Provided data below:
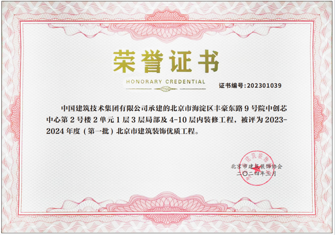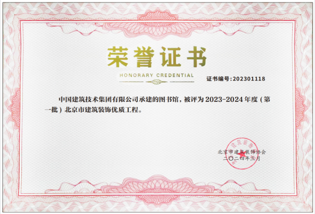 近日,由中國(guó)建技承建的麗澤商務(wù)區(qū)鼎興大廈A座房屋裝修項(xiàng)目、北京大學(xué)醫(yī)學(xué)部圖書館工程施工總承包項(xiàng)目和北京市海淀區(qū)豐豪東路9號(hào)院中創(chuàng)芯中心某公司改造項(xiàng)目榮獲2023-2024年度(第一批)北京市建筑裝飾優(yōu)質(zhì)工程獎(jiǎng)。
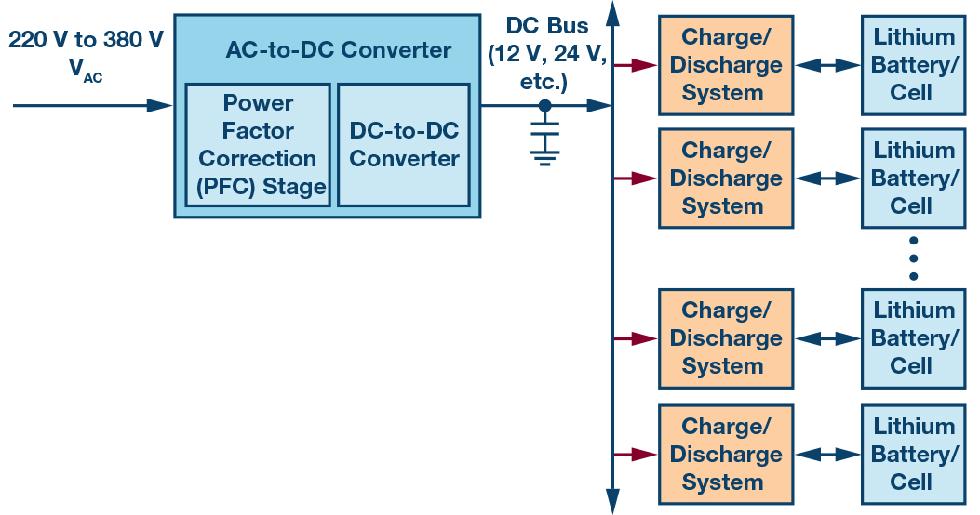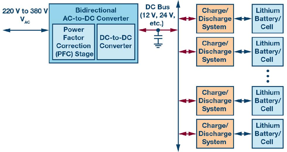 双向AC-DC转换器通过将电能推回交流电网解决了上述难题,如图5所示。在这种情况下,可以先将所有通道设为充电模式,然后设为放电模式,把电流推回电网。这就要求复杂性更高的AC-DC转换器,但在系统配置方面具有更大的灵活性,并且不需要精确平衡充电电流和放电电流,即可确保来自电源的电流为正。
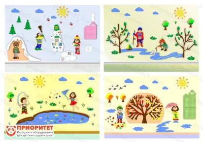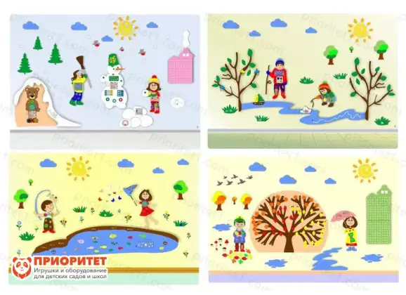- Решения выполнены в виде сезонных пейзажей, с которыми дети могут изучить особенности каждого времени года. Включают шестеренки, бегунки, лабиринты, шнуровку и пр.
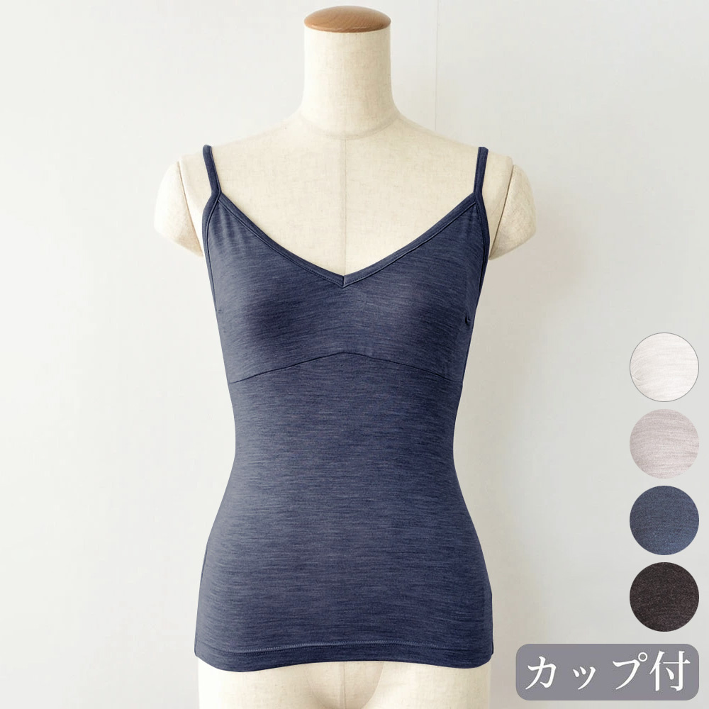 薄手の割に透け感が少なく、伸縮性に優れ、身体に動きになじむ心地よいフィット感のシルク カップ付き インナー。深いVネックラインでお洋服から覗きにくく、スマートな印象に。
End of Provided data.
_Work to complete:_ The preceding listing must be repeated exactly, with all images dropped.

_Written answer:_
 近日,由中國(guó)建技承建的麗澤商務(wù)區(qū)鼎興大廈A座房屋裝修項(xiàng)目、北京大學(xué)醫(yī)學(xué)部圖書館工程施工總承包項(xiàng)目和北京市海淀區(qū)豐豪東路9號(hào)院中創(chuàng)芯中心某公司改造項(xiàng)目榮獲2023-2024年度(第一批)北京市建筑裝飾優(yōu)質(zhì)工程獎(jiǎng)。
 双向AC-DC转换器通过将电能推回交流电网解决了上述难题,如图5所示。在这种情况下,可以先将所有通道设为充电模式,然后设为放电模式,把电流推回电网。这就要求复杂性更高的AC-DC转换器,但在系统配置方面具有更大的灵活性,并且不需要精确平衡充电电流和放电电流,即可确保来自电源的电流为正。
- Решения выполнены в виде сезонных пейзажей, с которыми дети могут изучить особенности каждого времени года. Включают шестеренки, бегунки, лабиринты, шнуровку и пр.
 薄手の割に透け感が少なく、伸縮性に優れ、身体に動きになじむ心地よいフィット感のシルク カップ付き インナー。深いVネックラインでお洋服から覗きにくく、スマートな印象に。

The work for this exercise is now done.